Differential expression of Toll-like receptors 2 and 4 in tissues of the human female reproductive tract

Abstract

Toll-like receptor (TLR) signal transduction is a central component of the innate immune response to pathogenic challenge. Although recent studies have begun to elucidate differences in acquired immunity in tissues of the human female reproductive tract, there is a relative paucity of work regarding innate defense mechanisms. We investigated TLR mRNA and protein expression in tissues of the human female reproductive tract. Constitutive mRNA expression of TLRs 1 to 6 was observed in fallopian tubes, uterine endometrium, cervix, and ectocervix. Furthermore, transcripts of the signaling adapter MyD88 and the accessory molecule CD14 were also detected in all tissues assayed. Quantitative analysis of TLR2 mRNA levels revealed highest expression of this molecule in fallopian tube and cervical tissues, followed by endometrium and ectocervix. In contrast to TLR2, TLR4 expression declined progressively along the tract, with highest expression in the upper tissues (fallopian tubes and endometrium), followed by cervix and ectocervix. In addition to mRNA, protein expression of TLR2 and TLR4 was also documented in these tissues. These data suggest that TLRs are differentially expressed in distinct compartments of the female reproductive tract and may provide insight regarding the regulation of inflammation and immunity within the tract.

FIG. 1.

mRNA expression of TLRs, MyD88, MD-2, and CD14 in tissues of the female reproductive tract. Total RNA was extracted from fallopian tube, endometrial, cervical and ectocervical tissues, reverse transcribed, and amplified with the primers described in Table 1 for expression of pattern recognition receptors. For each tissue, the data shown are representative of gene expression observed in 10 different patient samples.

FIG. 2.

Validation of β-actin as a normalization control. Total RNA was extracted from each female reproductive tract tissue, reverse transcribed, and analyzed by TaqMan PCR with validated β-actin primers and probe (as described in the text). Comparisons were made with tissue samples derived from the same patient to maintain internal consistency; therefore, four individual patients from whom fallopian tube (FT), endometrium (EM), cervix (CX), and ectocervix (ECX) samples were obtained are represented in this study. All reactions were performed in triplicate.

FIG. 3.

TLR2 mRNA is most highly expressed in fallopian tubes and cervix. Total RNA was isolated from the fallopian tube (FT), endometrium (EM), cervix (CX), and ectocervix (ECX) as described in the text, and reverse transcription was performed with random hexamers. Comparisons among tissue types were made with paired tissue samples derived from the same patients. The sample size for each comparison is indicated in the upper right quadrant of each figure. Real-time PCR analysis of relative TLR2 mRNA expression was performed in duplicate with TaqMan TLR2- and β-actin-specific primers and probes.
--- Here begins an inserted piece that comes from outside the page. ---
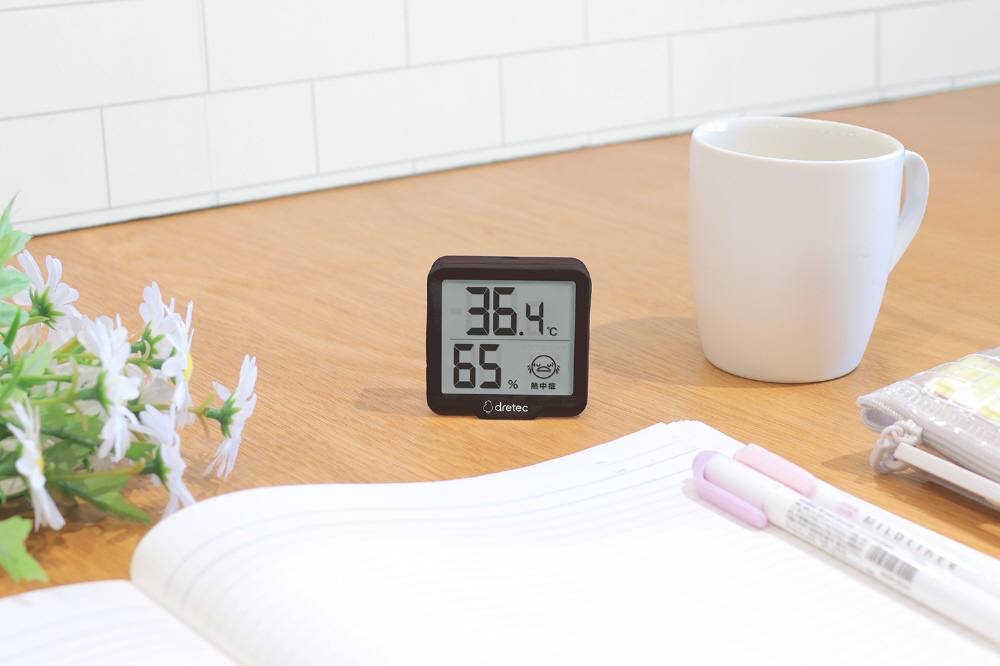 じゃまにならないミニサイズ。表情で熱中症・インフルエンザの危険度の目安がわかる。

Samples incubated in the absence of reverse transcriptase were analyzed as well to control for genomic DNA contamination.

FIG. 4.

TLR4 mRNA expression declines along tissues of the female reproductive tract. cDNA was synthesized by reverse transcription from total RNA, and relative TLR4 mRNA levels were assessed by real-time PCR analysis with normalization to β-actin controls. Each reaction was performed in duplicate. Comparisons among tissue types were made with paired tissue samples of the fallopian tube (FT), endometrium (EM), cervix (CX), and ectocervix (ECX) derived from the same patients. The sample size for each comparison is indicated in the upper right quadrant of each panel.

FIG. 5.

Representative analysis of TLR2 and TLR4 expression profiles. (A) Total RNA was extracted from fallopian tube (FT), endometrium (EM), cervix (CX), and ectocervix (ECX) samples of patient 2532 and reverse transcribed with random hexamers. TLR2 levels were quantified by real-time analysis with Taqman TLR2 primers and probes as in Fig. 3. (B) TLR4 mRNA levels were quantified in fallopian tube (FT), endometrium (EM), cervix (CX), and ectocervix (ECX) samples derived from patient 2560 by real-time Taqman PCR as described for Fig. 4. Reactions were standardized against β-actin and are expressed in relative fluorescence units (RFU). Values shown are the means of duplicate PCR runs, which never varied by more than 3%.

FIG. 6.

Detection of TLR2 and TLR4 proteins in upper and lower tissues of the female reproductive tract. Whole-cell lysates were generated from total tissue of the fallopian tube (FT), endometrium (EM), cervix (CX), and ectocervix (ECX) and quantified with the BCA kit. One milligram of each of these lysates was immunoprecipitated with either (A) anti-TLR2 polyclonal antibody (H-175) or (B) mouse monoclonal anti-TLR4 antibody (HTA 125), and subsequently probed with (A) goat polyclonal antibody N-17 for detection of TLR2 or (B) rabbit polyclonal anti-TLR4 antibody H-80. Data shown are representative of three separate immunoprecipitations from three different tissues.